The World Bank
THE WORLD BANK
International Bank for Reconstruction and Development
Like the International Monetary Fund (IMF), the World Bank (WB) was created in 1944 at the Bretton Woods Conference held in the United States at Bretton Woods, New Hampshire. The WB is an international lending institution consisting of approximately 177 member states for which it guarantees credit or to whom it makes loans from a portfolio of approximately $220 billion. Like the IMF, the WB is concerned with economic restructuring according to the neoliberal model and with major infrastructure projects intended to enhance economic efficiency. Although the WB does lend money to rescue defaulting economies (the IMF is more proficient at this), its primary focus is funding economic development, environmental sustainability, health projects, infrasructure etc. In any one year, the bank’s total loan portfolio ranges from approximately $5 up to $30 billion US dollars spread out among member states.
The WB, headquartered in Washington, DC, exists to promote and facilitate foreign investment and international commerce. WB loans, like IMF loans include “Structural Adjustment Programs” (SAPs) intended to nudge borrowing countries toward structural reforms in a market oriented direction.
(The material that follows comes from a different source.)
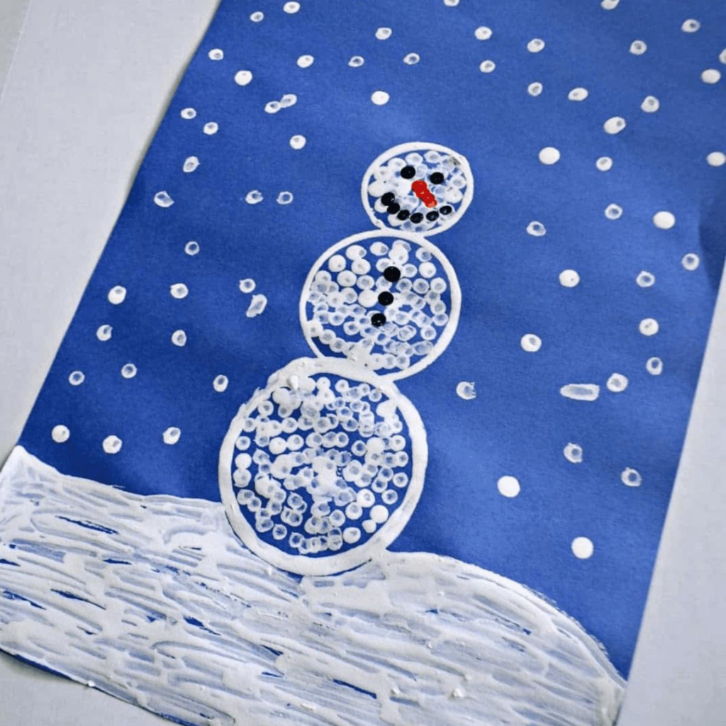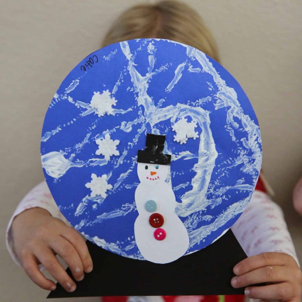 This project mixes marble art with a fun snowman craft. Kids think it is so fun!

Loans also include policy requirements that reflect a neoliberal economic bias stipulating such things as:
Social Austerity (reductions in social spending on such things as health and welfare)
Reduction of Subsidies (on basics such as food and energy)
Deregulation
Reduction of Trade Barriers (such as taxes on imports that often compete with domestic supply
Promotion of Foreign Ownership of Businesses
Conversion of Agricultural Yield from Food to Cash Crops for Export
Privatization
Current concerns of the WB include deforestation, depletion of the ozone and other ecological concerns, AIDS, and vaccinations for communicable diseases. The WB has set goals to help realize United Nations Millennium Development Goals set in 2000[1]. In this regard, the G8 (a group of eight industrialized nations—United States, Germany, France, Italy, Japan, United Kingdom, Russia and Canada, —that promote global consensus on international security, economic growth, terrorism and energy, and crsis situations, 2005) guaranteed up to $55 billion dollars to the WB, IMF and African Development Bank to cancel the debt of heavily indebted poor nations.
The WB consists of two entities:
(1) The International Development Association (IDA) and
(2) The International Bank for Reconstruction and Development (IBRD).
International Development Association
The IDA was established in 1960 and is headquartered in Washington, DC. It consists of 173 member countries and offers both grants and loans to over 80 member states with the highest credit risk – over half of these countries are in Africa. Receiving countries are evaluated according to per capita income (below $1200 per year) and their record of implementing policy requirements aimed at economic and social reform and poverty reduction. The IDA is considered the friendly or soft lending arm of the World Bank: It provides loans for up to 40 years, with built in grace periods often up to ten years, and low interest rates 1-3 %. Often loans are provided at no interest to regular client states. Like the IMF, loans come with neoliberal assumptions about economic growth that must be met to continue in good standing.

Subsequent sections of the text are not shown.